The plaintiff, on the other hand, contends that the above questions were not only proper, but that the court erred to his prejudice in not allowing them to be answered. He says they were competent as tending to show a recognition on the part of the defendant, which was denied by him, of the relation of principal and agent existing between himself and his son at the time of the injury. In support of this position he cites the following authorities: Robinson v. Hill, 60 Wash., 615; 111 Pac., 871; Baten v. Ice Co., 180 Mo. App., 96; 166 S. W., 883; Oil Co. v. Carson, 185 S. W. (Tex.), 1002; Lbr. Co. v.
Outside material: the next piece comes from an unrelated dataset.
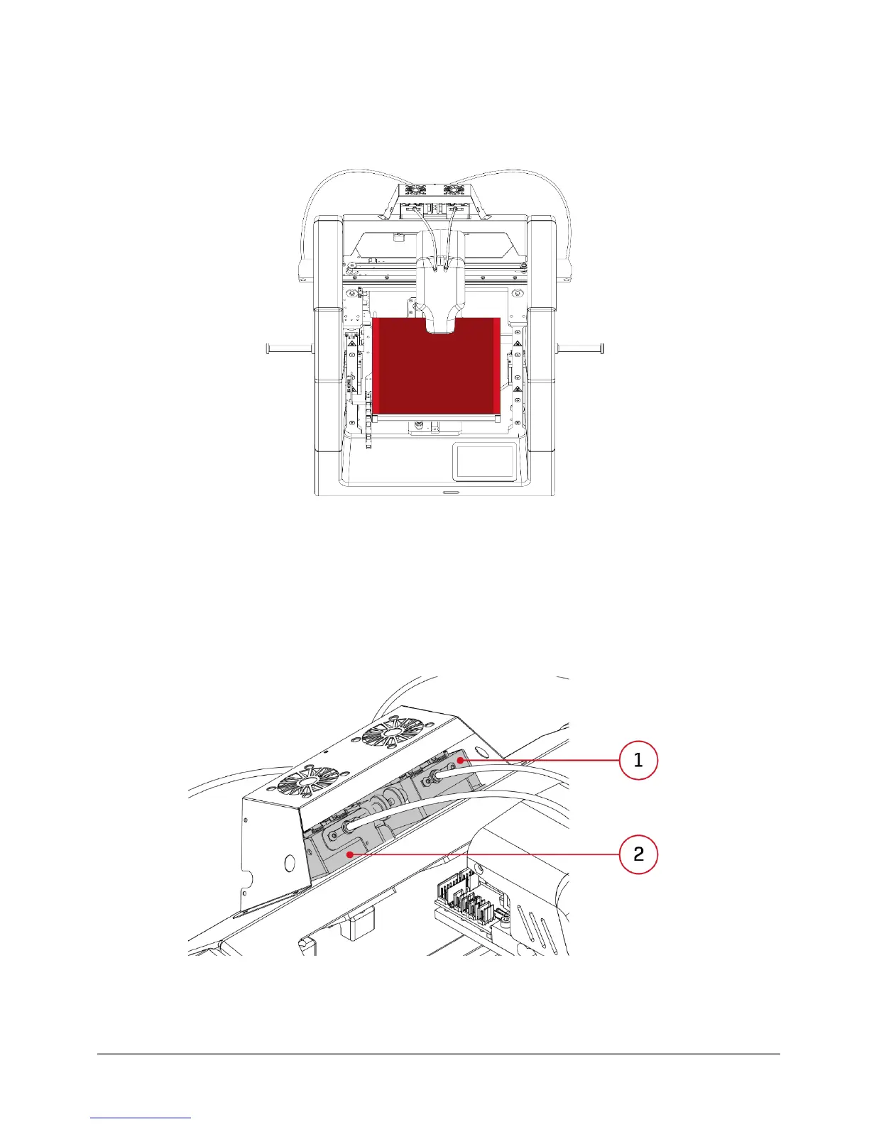 Fig. 13 Extruders of 3DGence DOUBLE P255 printer 1. Extruder T1 | 2. Extruder T0

Cunningham,, 57 So. (Miss.), 916.
Without deciding upon the merits of these opposing contentions, we think the. defendant’s motion for a new trial, after verdict, upon the ground stated, must be overruled. The court sustained the defendant’s objection, and this was all that he was asked to do at the time. There was no motion for a mistrial, or venire de novo, because of these alleged improper questions. Defendant elected to proceed with the trial and to take his chances with the jury as then impaneled. Indeed, it appears that counsel for both sides, during the argument, cautioned the jury to disregard the suggestion of liability insurance, as there was no evidence *801in the case tending to show its existence. Evidently the defendant did not consider it of sufficient importance on the trial to ask that a juror be withdrawn and a mistrial entered.
The remaining- exceptions and assignments of error present no new or novel point of law not heretofore settled by our decisions,- and it would only be a work of supererogation to consider them seriatim.
After a full and careful consideration of the whole record, we have found no reversible or prejudicial error, and this will be certified to the Superior Court.